**Data provided:**
+ + +
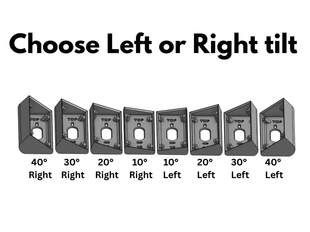 The angles of 10°, 20°, 30°, and 40° provide flexibility for customisation, which is particularly useful for installations in tight spaces or near windows. With a well-considered design, this mount can seamlessly fit the Ring model that features a built-in battery with a slanted back and an asymmetrical arrangement of mounting holes.
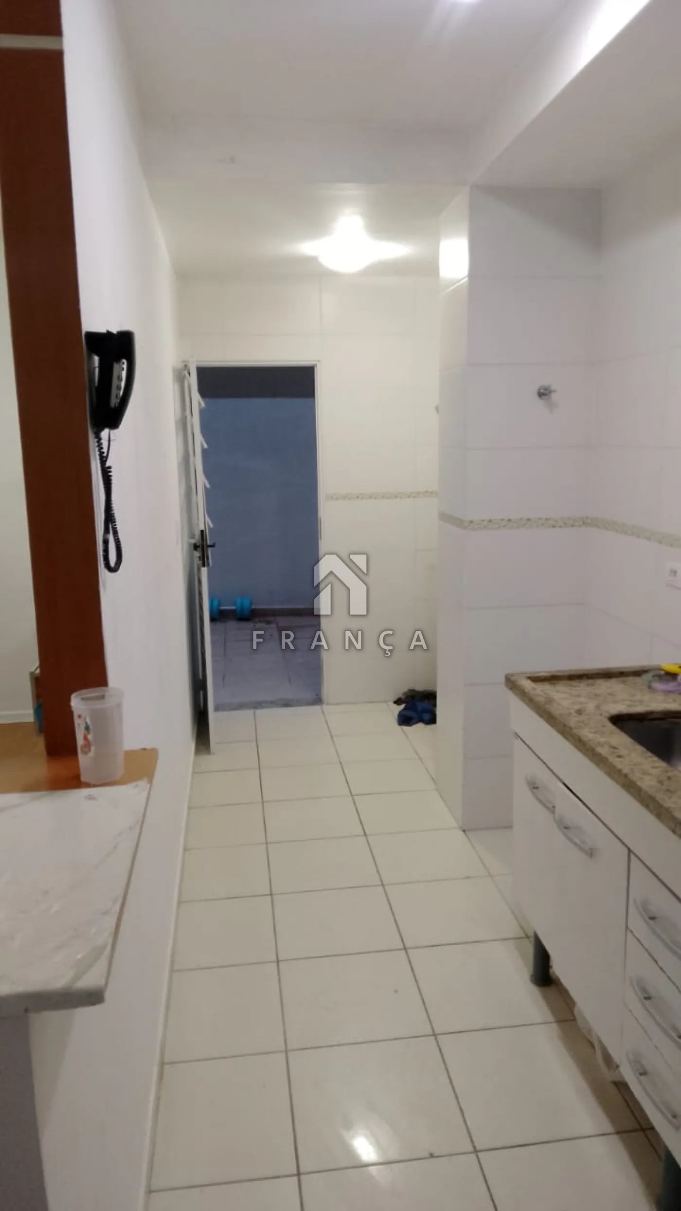 Cozinha com gabinete e acesso direto ao quintal
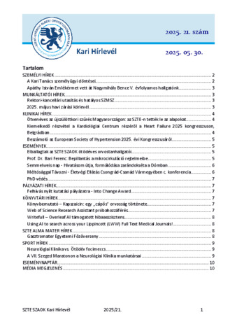 SZTE Szent-Györgyi Albert Orvostudományi Kar - Kari hírlevél : 2025. 21. szám
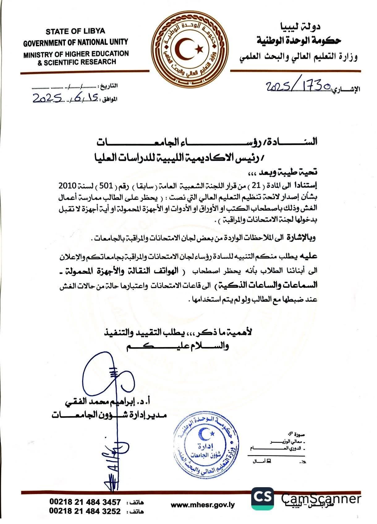 يطلب من جميع طلاب جامعة ليبيا المفتوحة الممتحنين بالفصل الدراسي الأول(الخريف/ديسمبر) للعام الجامعي 2025-2026م، ضرورة الإلتزام بالتنبيهات والملاحظات الواردة برسالة مدير إدارة شؤون الجامعات بوزارة التعليم العالي والبحث العلمي رقم 1730/2025 بتاريخ 2025/6/15م، والمرفقة بهذا التنبيه، والمتعلقة بحظر اصطحاب( الهواتف النقالة والأجهزة المحمولة، السماعات والساعات الذكية ) إلى قاعات الإمتحانات واعتبارها حالة من حالات الغش عند ضبطها مع الطالب ولو لم يتم يستخدمها.
+ + +
Reproduce exactly and only the lines from the line that contains "SZTE Szent-Györgyi Albert" to the end of the data above, both ends included. No pictures go in the copy.

**Exercise output:**
 SZTE Szent-Györgyi Albert Orvostudományi Kar - Kari hírlevél : 2025. 21. szám
 يطلب من جميع طلاب جامعة ليبيا المفتوحة الممتحنين بالفصل الدراسي الأول(الخريف/ديسمبر) للعام الجامعي 2025-2026م، ضرورة الإلتزام بالتنبيهات والملاحظات الواردة برسالة مدير إدارة شؤون الجامعات بوزارة التعليم العالي والبحث العلمي رقم 1730/2025 بتاريخ 2025/6/15م، والمرفقة بهذا التنبيه، والمتعلقة بحظر اصطحاب( الهواتف النقالة والأجهزة المحمولة، السماعات والساعات الذكية ) إلى قاعات الإمتحانات واعتبارها حالة من حالات الغش عند ضبطها مع الطالب ولو لم يتم يستخدمها.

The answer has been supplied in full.